PROVIDED DATA -
"""
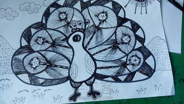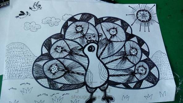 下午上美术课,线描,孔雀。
"""
"""
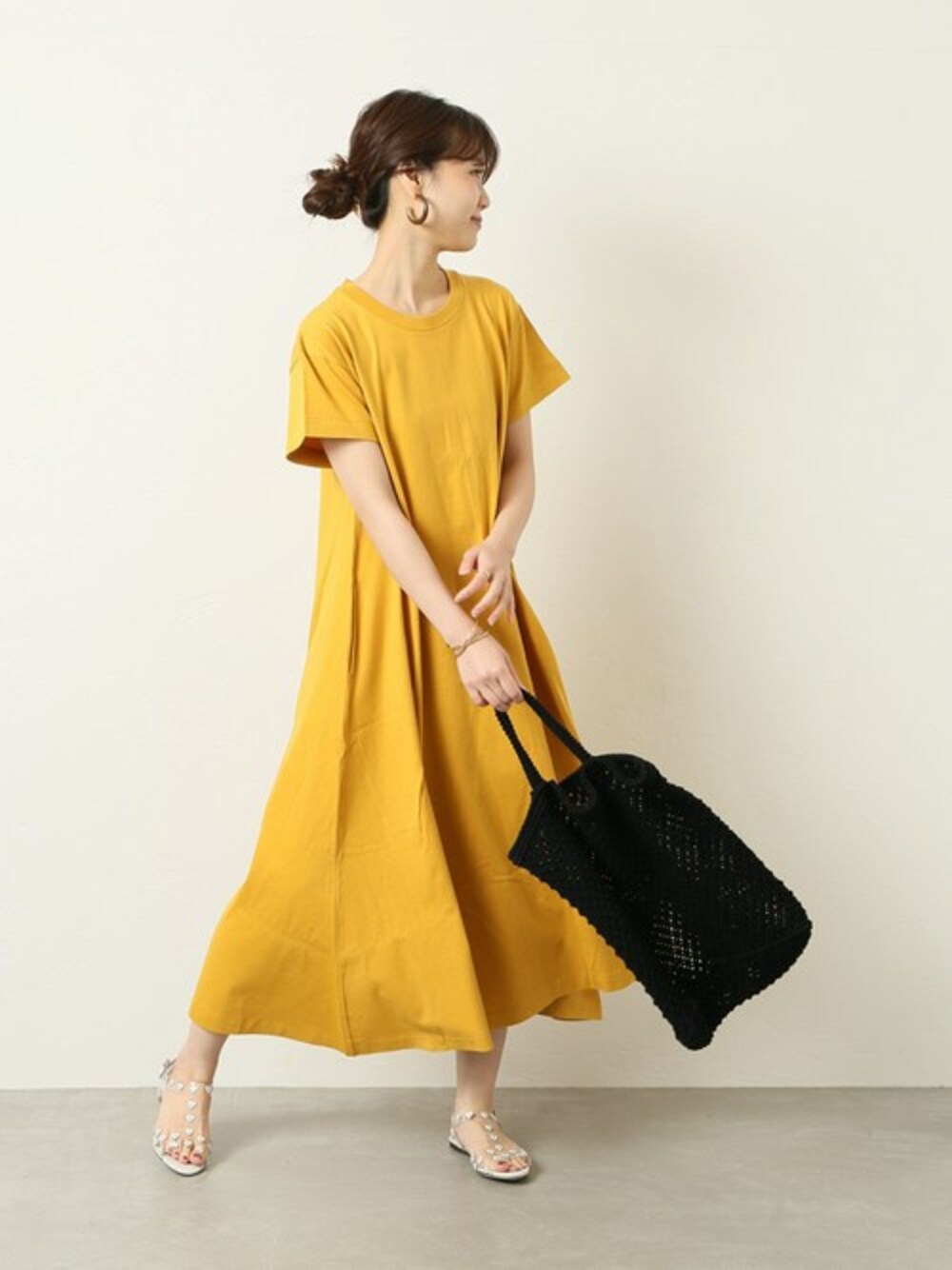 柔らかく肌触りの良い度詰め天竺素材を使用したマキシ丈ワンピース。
"""
"""
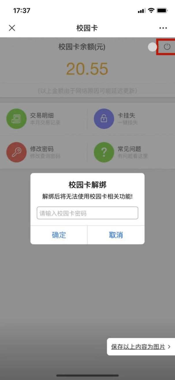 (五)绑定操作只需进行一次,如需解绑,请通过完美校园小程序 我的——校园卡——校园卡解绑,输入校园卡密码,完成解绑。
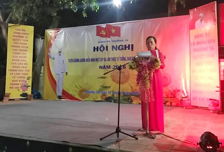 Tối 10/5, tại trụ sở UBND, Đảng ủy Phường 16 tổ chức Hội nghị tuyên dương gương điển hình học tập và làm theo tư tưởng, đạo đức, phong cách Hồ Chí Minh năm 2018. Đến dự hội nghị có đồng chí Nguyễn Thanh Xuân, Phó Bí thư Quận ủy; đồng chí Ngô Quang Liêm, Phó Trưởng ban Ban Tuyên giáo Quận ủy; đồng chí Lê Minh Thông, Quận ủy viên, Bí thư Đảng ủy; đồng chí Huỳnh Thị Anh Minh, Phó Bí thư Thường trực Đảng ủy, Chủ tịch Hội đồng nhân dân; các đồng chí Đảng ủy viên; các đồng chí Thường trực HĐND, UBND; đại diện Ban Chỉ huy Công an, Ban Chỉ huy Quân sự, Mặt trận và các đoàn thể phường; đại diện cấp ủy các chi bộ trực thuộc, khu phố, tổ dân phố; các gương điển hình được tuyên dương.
"""
PROMPT - Please return the material above only from the line that holds "(五)绑定操作只需进行一次,如需解绑,请" through the line that holds "Tối 10/5, tại", exactly as it stands, ends included and pictures omitted.

ANSWER BOX -
 (五)绑定操作只需进行一次,如需解绑,请通过完美校园小程序 我的——校园卡——校园卡解绑,输入校园卡密码,完成解绑。
 Tối 10/5, tại trụ sở UBND, Đảng ủy Phường 16 tổ chức Hội nghị tuyên dương gương điển hình học tập và làm theo tư tưởng, đạo đức, phong cách Hồ Chí Minh năm 2018. Đến dự hội nghị có đồng chí Nguyễn Thanh Xuân, Phó Bí thư Quận ủy; đồng chí Ngô Quang Liêm, Phó Trưởng ban Ban Tuyên giáo Quận ủy; đồng chí Lê Minh Thông, Quận ủy viên, Bí thư Đảng ủy; đồng chí Huỳnh Thị Anh Minh, Phó Bí thư Thường trực Đảng ủy, Chủ tịch Hội đồng nhân dân; các đồng chí Đảng ủy viên; các đồng chí Thường trực HĐND, UBND; đại diện Ban Chỉ huy Công an, Ban Chỉ huy Quân sự, Mặt trận và các đoàn thể phường; đại diện cấp ủy các chi bộ trực thuộc, khu phố, tổ dân phố; các gương điển hình được tuyên dương.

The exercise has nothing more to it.